Cette recension a été publiée dans le numéro d’hiver de Politique étrangère
(n° 4/2018)
. Giuseppe Bianco propose une analyse de l’ouvrage dirigé par Giuseppe Eusepi et Richard E. Wagner, Debt Default and Democracy (Edward Elgar, 2018, 224 pages).

Quelle relation entre dette publique et démocratie ? Voilà la vaste question à laquelle tente de répondre cet ouvrage collectif, qui résulte des analyses menées au sein de l’European Center for the Study of Public Choice de l’université La Sapienza de Rome. Les chapitres adoptent une perspective microéconomique visant à examiner la rationalité individuelle devant les choix budgétaires (première partie) ou une approche macro, qui se penche sur les propriétés systémiques des actions individuelles dans le cadre d’un système démocratique d’économie politique (seconde partie). Le regard se concentre sur l’Union européenne, et surtout sur la zone euro, avec des comparaisons à l’échelle mondiale.

La dette publique peut parfois être créée pour de bonnes raisons : elle peut par exemple financer les politiques pour combattre le réchauffement climatique. Ainsi, les générations futures, qui profiteront des effets positifs de ces actions, payeront les impôts nécessaires pour rembourser les prêts.

Toutefois, l’essentiel du livre se concentre sur les effets négatifs d’une dette publique excessive. Bien qu’il n’y ait pas de seuil universel du rapport dette/produit intérieur brut au-delà duquel la croissance économique diminue, des niveaux trop élevés peuvent réduire la demande intérieure, provoquer des crises de liquidité, limiter l’autonomie de la politique monétaire et la marge de manœuvre pour la politique fiscale. De surcroît, la possibilité d’un cercle vicieux entre crises de la dette publique et crises bancaires demeure.

Parmi les sujets abordés, la proposition de donner au bail-in (la participation des créanciers privés aux pertes dues à une décote) le même rang que celui qui est donné à la proscription du bail-out (sauvetage public) dans les traités européens.

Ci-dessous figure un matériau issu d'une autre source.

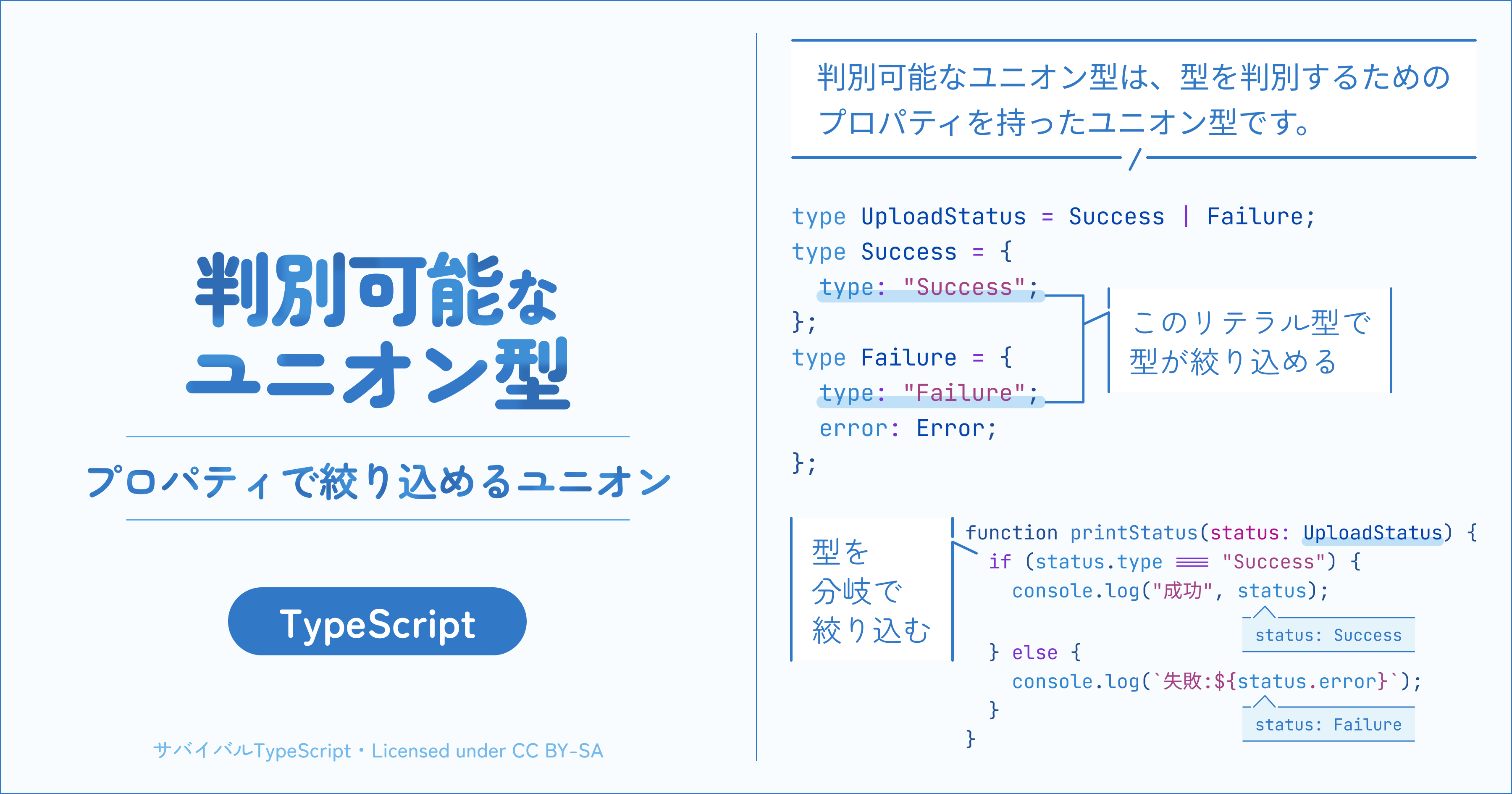 TypeScriptの判別可能なユニオン型(discriminated union)はユニオン型の応用です。判別可能なユニオン型は、タグ付きユニオン(tagged union)や直和型と呼ぶこともあります。

Néanmoins, cela pourrait ne pas suffire, puisqu’on montre ici que les citoyens d’un pays opposés au bail-out d’un pays étranger n’ont pas les moyens de l’empêcher. L’interdiction posée par les règles constitutionnelles ou européennes peut être contournée par une interprétation plus souple ; la Banque centrale étant indépendante, elle peut soutenir un pays étranger au bord de la faillite ; et une organisation internationale (par exemple le Fonds monétaire international) peut offrir son assistance.

De manière plus générale, du livre ressort un consensus sur la nécessité d’améliorer le cadre juridique existant pour réduire la dette publique et gérer les problèmes liés au surendettement. Le manque d’initiative actuel donne lieu à des signaux ambigus, qui engendrent des coûts importants en termes d’attentes des acteurs du marché.

Sur le contenu des règles à introduire, en revanche, le débat qui se développe entre les différentes thèses est riche et franc. On relèvera une certaine tendance à suivre les frontières nationales des pays d’origine des chercheurs. D’une part, certains chapitres prônent l’introduction de règles pour mieux gérer les crises de dette souveraine. D’autre part, on met en avant l’importance de centraliser au niveau de la zone euro le pouvoir budgétaire, l’Union n’étant, autrement, qu’une agrégation de pays fragiles et instables. En d’autres termes, le dilemme est entre la poursuite des politiques visant à réduire les risques et le renforcement de la mutualisation des risques. Avancer sur les deux fronts sera essentiel pour assurer l’avenir de la zone euro.